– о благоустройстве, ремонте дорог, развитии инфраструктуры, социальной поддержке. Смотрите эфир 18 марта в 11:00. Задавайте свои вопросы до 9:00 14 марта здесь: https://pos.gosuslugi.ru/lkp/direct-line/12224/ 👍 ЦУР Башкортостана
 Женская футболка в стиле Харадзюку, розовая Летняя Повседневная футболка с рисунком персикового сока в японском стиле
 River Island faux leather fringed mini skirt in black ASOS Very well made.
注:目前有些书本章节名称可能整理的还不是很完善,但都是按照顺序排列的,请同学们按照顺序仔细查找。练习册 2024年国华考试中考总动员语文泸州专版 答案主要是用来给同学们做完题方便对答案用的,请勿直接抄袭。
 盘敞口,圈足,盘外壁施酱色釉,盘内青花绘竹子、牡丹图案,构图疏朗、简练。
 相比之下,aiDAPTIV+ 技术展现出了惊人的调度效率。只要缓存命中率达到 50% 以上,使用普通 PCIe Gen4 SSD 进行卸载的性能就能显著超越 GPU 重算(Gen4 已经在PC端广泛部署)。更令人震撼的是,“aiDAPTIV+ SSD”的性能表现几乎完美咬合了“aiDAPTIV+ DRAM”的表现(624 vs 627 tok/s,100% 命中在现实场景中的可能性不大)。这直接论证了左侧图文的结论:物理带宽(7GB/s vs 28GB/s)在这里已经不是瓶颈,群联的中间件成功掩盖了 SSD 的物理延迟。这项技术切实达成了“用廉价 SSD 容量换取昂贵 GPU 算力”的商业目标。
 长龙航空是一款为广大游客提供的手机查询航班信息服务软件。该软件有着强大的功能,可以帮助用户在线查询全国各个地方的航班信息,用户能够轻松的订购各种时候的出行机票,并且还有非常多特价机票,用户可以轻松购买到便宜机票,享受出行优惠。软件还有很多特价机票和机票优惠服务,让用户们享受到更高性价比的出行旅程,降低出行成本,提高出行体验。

-- -- --

_Goal of the exercise_. Nothing may be omitted or altered; reproduce all of the entries.

_Expected output_.
– о благоустройстве, ремонте дорог, развитии инфраструктуры, социальной поддержке. Смотрите эфир 18 марта в 11:00. Задавайте свои вопросы до 9:00 14 марта здесь: https://pos.gosuslugi.ru/lkp/direct-line/12224/ 👍 ЦУР Башкортостана
 Женская футболка в стиле Харадзюку, розовая Летняя Повседневная футболка с рисунком персикового сока в японском стиле
 River Island faux leather fringed mini skirt in black ASOS Very well made.
注:目前有些书本章节名称可能整理的还不是很完善,但都是按照顺序排列的,请同学们按照顺序仔细查找。练习册 2024年国华考试中考总动员语文泸州专版 答案主要是用来给同学们做完题方便对答案用的,请勿直接抄袭。
 盘敞口,圈足,盘外壁施酱色釉,盘内青花绘竹子、牡丹图案,构图疏朗、简练。
 相比之下,aiDAPTIV+ 技术展现出了惊人的调度效率。只要缓存命中率达到 50% 以上,使用普通 PCIe Gen4 SSD 进行卸载的性能就能显著超越 GPU 重算(Gen4 已经在PC端广泛部署)。更令人震撼的是,“aiDAPTIV+ SSD”的性能表现几乎完美咬合了“aiDAPTIV+ DRAM”的表现(624 vs 627 tok/s,100% 命中在现实场景中的可能性不大)。这直接论证了左侧图文的结论:物理带宽(7GB/s vs 28GB/s)在这里已经不是瓶颈,群联的中间件成功掩盖了 SSD 的物理延迟。这项技术切实达成了“用廉价 SSD 容量换取昂贵 GPU 算力”的商业目标。
 长龙航空是一款为广大游客提供的手机查询航班信息服务软件。该软件有着强大的功能,可以帮助用户在线查询全国各个地方的航班信息,用户能够轻松的订购各种时候的出行机票,并且还有非常多特价机票,用户可以轻松购买到便宜机票,享受出行优惠。软件还有很多特价机票和机票优惠服务,让用户们享受到更高性价比的出行旅程,降低出行成本,提高出行体验。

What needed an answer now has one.